Lunch was worse. The cafeteria was a cacophony of noise and movement. I found myself leaning against a wall, watching the teenagers in their little cliques. There were the jocks, loud and boasting, the nerds huddled over books, the goths skulking in the shadows. It was a strange sort of hierarchy, built on popularity and perceived coolness. I tried to remember where I fit in this world, this forgotten teenage landscape. And then I realized, I didn't. I was an anomaly, a ghost from a future they couldn't possibly imagine.

That afternoon, in history class, the teacher droned on about World War II, dates and battles echoing through the room. I knew the names, of course. I knew the weight of those wars, the sacrifices made. But hearing them spoken about here, in this classroom, felt distant. They were lessons learned from textbooks. For me, they were lived experiences, the echoes of my current life. The disconnect was palpable, a chasm that separated me from these kids, from this time.

As the day dragged on, I tried to blend in, to become invisible. But my hardened gaze, the quiet intensity that had become a part of me, betrayed my efforts.
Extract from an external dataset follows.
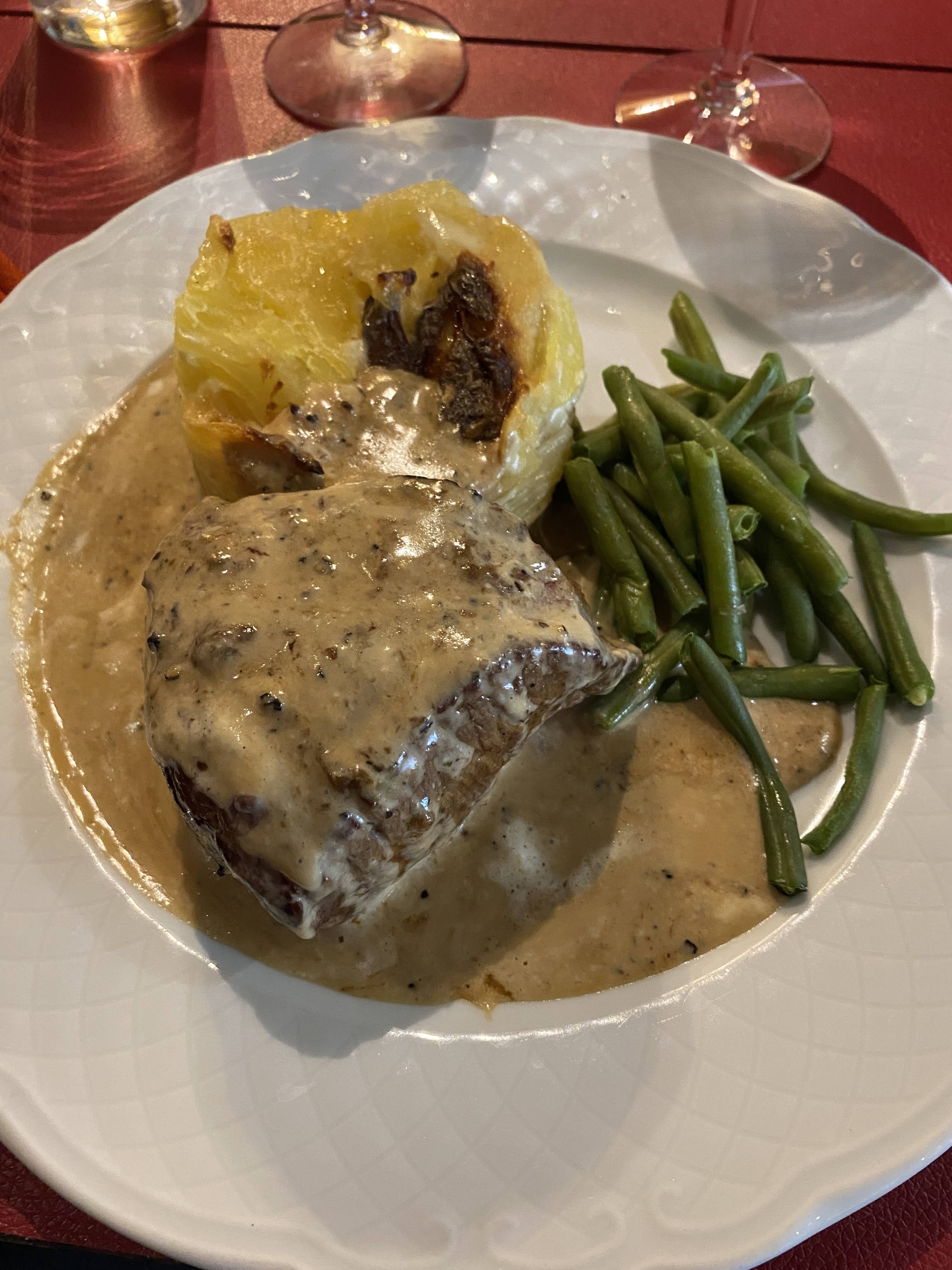 Excellente table avec un lapin aux pruneaux a tomber par terre ! Tres classique et traditionnel

I was different, and everyone knew it. As I walked home, the setting sun painting the sky in hues of orange and purple, I realized that I couldn't go back. I couldn't be this boy again. I couldn't unsee the things I'd seen, unfeel the burden I carried.
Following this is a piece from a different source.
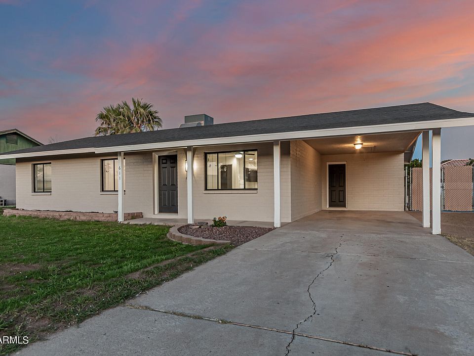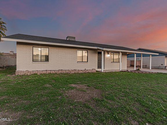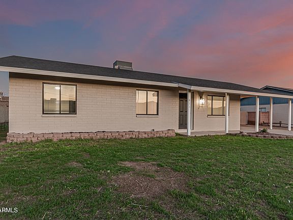 Stunning, fully remodeled 3 bed, 2 bath home on a hard-to-find irrigated lot with NO HOA in the heart of Downtown Buckeye! Completely renovated & ready to move right in! The attention to detail & designer touches are unmatched. Open floor plan featuring new wood-look LVP flooring in the living areas, beautifully tiled wet rooms, & plush carpeting in the bedrooms. All new doors, trim, hardware, lighting/plumbing fixtures, interior paint, & window coverings throughout. The kitchen truly is the heart of the home showcasing freshly painted cabinets with new hardware, beautiful quartz countertops, plenty of both counter & cabinet space, large center island with additional storage & breakfast bar, stainless steel sink & faucet, brand-new stainless steel appliances (oven has an air fryer!), rece ssed lighting, pantry, & French doors to the back patio. Spacious great room with large window & new ceiling fan opens to kitchen making it the perfect space for entertaining. Indoor tiled laundry room with new water heater. Your master suite boasts a beautiful en suite bathroom with new vanity, linen closet, & tiled walk-in shower with penny tile floor, stylish grey marble-look tiled walls, & luxury shower head. 2 additional nice-sized bedrooms & guest bathroom with shiplap wall, new vanity, new bathtub, & custom subway tiled walls with niche. Wireless smart thermostat for your convenience as well! The curb appeal on this one is a TEN. Exterior updates include new roof & underlayment, new exterior paint, covered front patio, decorative flower beds, covered carport with separate entry, & additional parking area with paver accent. Irrigated front & back yard with lush grass & mature landscaping, fully fenced with an RV gate, side yard with room for RV/trailer parking, & back patio. Great neighborhood close to all that Downtown Buckeye has to offer including shopping, dining, convenience stores, schools, an aquatic center, skate park, & recreational facility. Must see to appreciate!

This journey back hadn't been about reliving the past. It was a stark reminder of how much I had changed, of the man I'd become. And somehow, amidst the jarring cacophony of my old high school, I found a strange sort of peace. I was König, a soldier, a survivor. I was a man with a past, but now it was only a distant memory, and I had a future to fight for, even when I was back in the present, back on a field that I knew all too well. And in the quiet hum of the present, I knew that the past was exactly where it should stay.